### Task objective
From the material below, return exactly the lines starting at the one that holds "The shares of" and ending at the one that holds "ajute la treabă.". Pictures stay out of the answer.
(Beginning of Data provided)
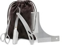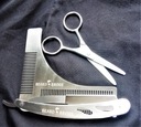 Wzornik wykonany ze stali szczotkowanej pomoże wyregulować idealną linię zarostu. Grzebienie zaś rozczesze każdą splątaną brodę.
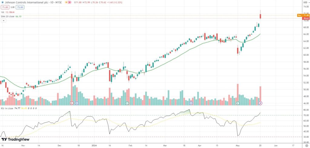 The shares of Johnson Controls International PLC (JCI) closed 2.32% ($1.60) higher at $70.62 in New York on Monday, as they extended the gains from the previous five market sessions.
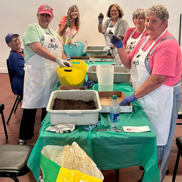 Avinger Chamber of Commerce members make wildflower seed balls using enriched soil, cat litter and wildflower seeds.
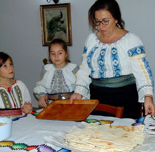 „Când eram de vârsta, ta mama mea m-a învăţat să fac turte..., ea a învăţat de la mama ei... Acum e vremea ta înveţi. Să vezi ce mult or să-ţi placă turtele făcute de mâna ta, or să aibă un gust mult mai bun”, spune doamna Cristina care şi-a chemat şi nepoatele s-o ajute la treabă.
(End of Data provided)
(Beginning of Data provided)
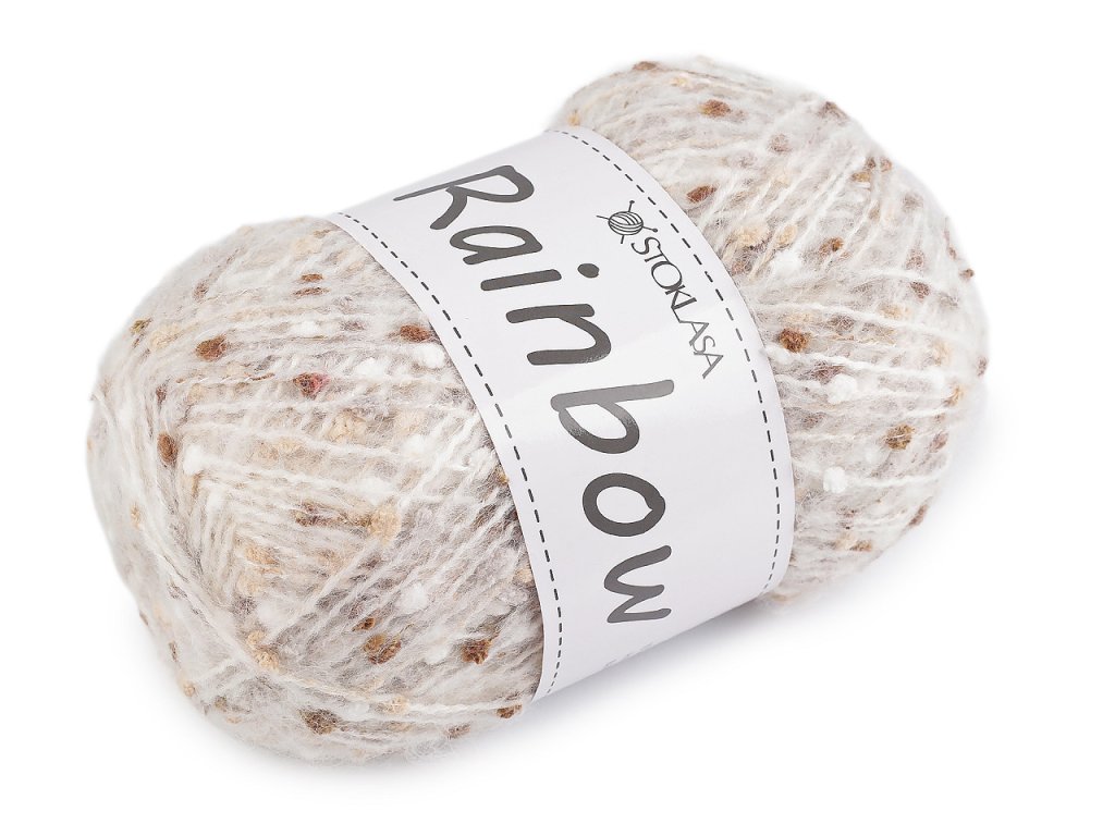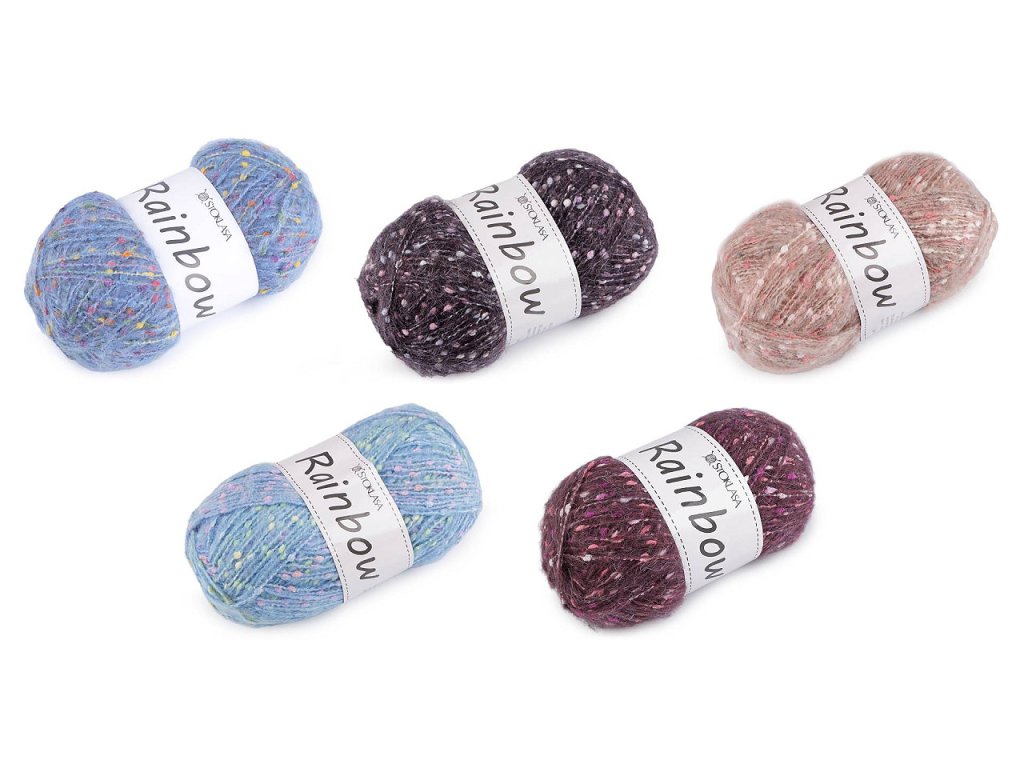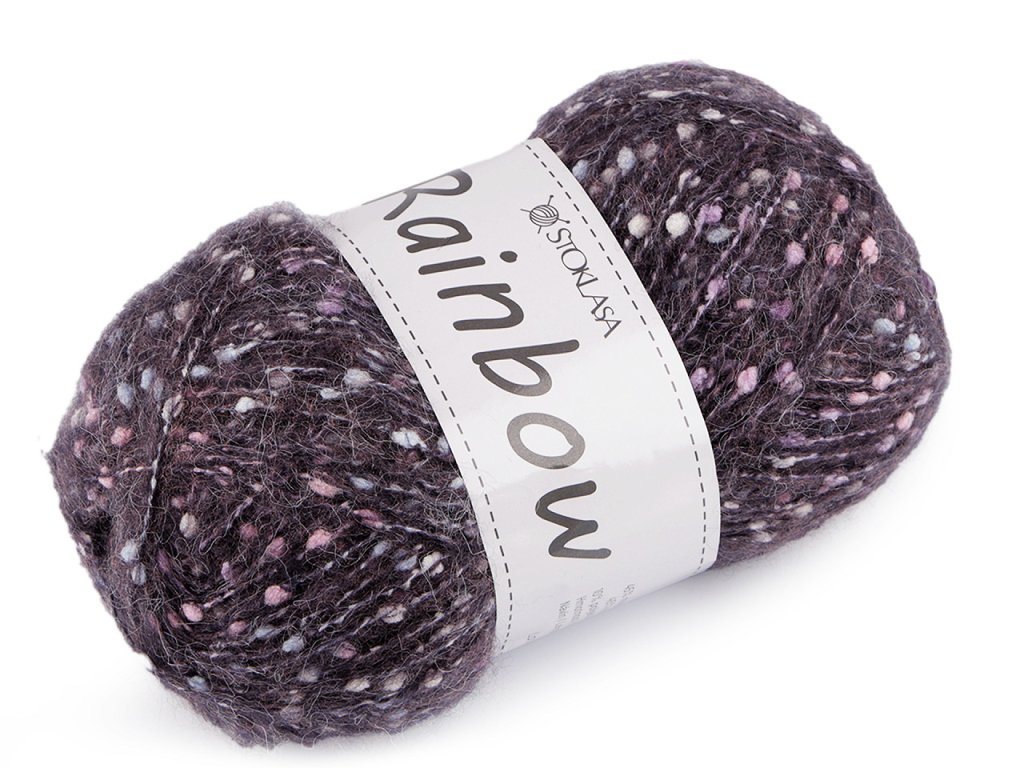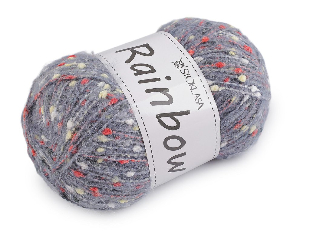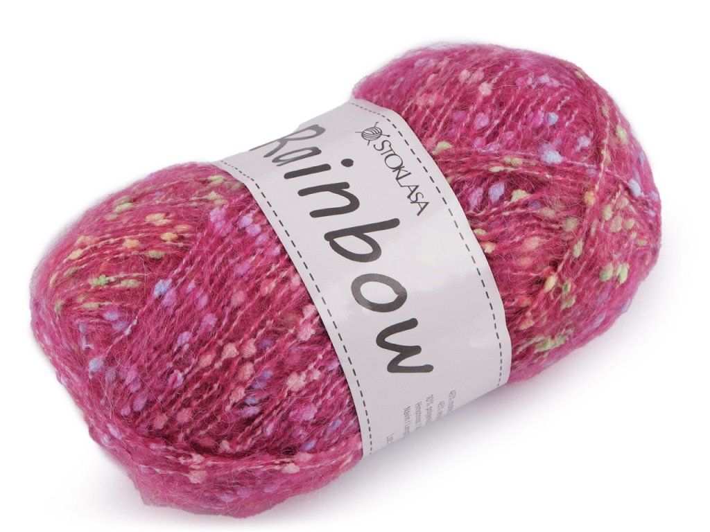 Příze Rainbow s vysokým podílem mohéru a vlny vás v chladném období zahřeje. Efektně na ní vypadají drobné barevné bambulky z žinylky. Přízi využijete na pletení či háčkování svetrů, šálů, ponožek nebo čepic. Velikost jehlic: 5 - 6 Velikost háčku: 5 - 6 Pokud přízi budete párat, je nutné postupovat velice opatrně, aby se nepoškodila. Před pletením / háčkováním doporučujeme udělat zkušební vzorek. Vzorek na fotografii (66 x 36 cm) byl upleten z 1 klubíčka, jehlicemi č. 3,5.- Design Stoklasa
(End of Data provided)
(Beginning of Data provided)
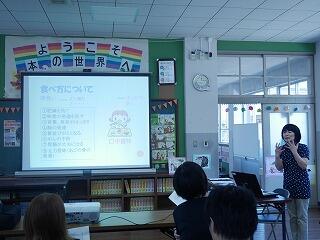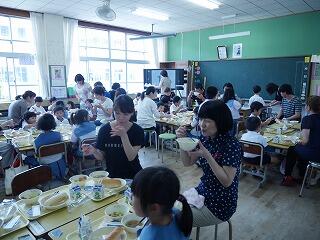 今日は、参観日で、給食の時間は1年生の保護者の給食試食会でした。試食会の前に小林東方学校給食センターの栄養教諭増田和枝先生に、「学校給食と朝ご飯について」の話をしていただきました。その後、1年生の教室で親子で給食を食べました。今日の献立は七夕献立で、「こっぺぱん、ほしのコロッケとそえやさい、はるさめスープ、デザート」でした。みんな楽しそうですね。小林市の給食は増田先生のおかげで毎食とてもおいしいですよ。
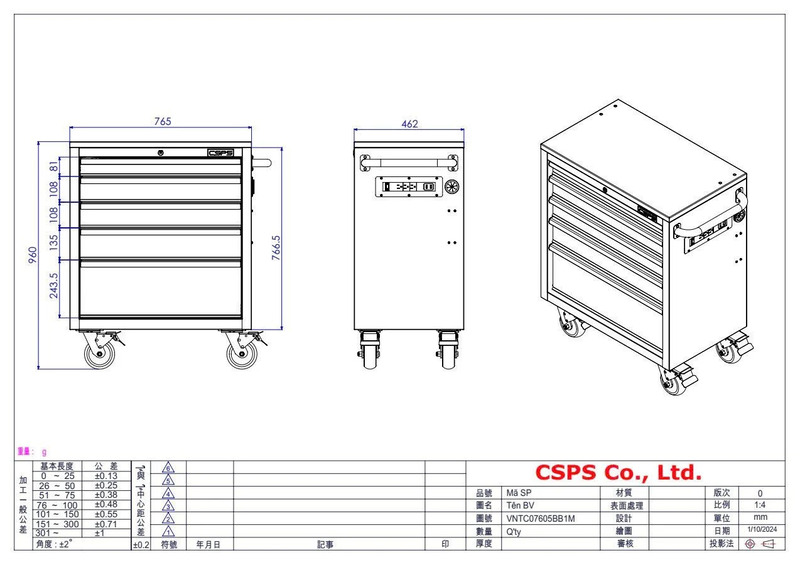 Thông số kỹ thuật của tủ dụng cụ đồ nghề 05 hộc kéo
(End of Data provided)
### Solution below
 The shares of Johnson Controls International PLC (JCI) closed 2.32% ($1.60) higher at $70.62 in New York on Monday, as they extended the gains from the previous five market sessions.
 Avinger Chamber of Commerce members make wildflower seed balls using enriched soil, cat litter and wildflower seeds.
 „Când eram de vârsta, ta mama mea m-a învăţat să fac turte..., ea a învăţat de la mama ei... Acum e vremea ta înveţi. Să vezi ce mult or să-ţi placă turtele făcute de mâna ta, or să aibă un gust mult mai bun”, spune doamna Cristina care şi-a chemat şi nepoatele s-o ajute la treabă.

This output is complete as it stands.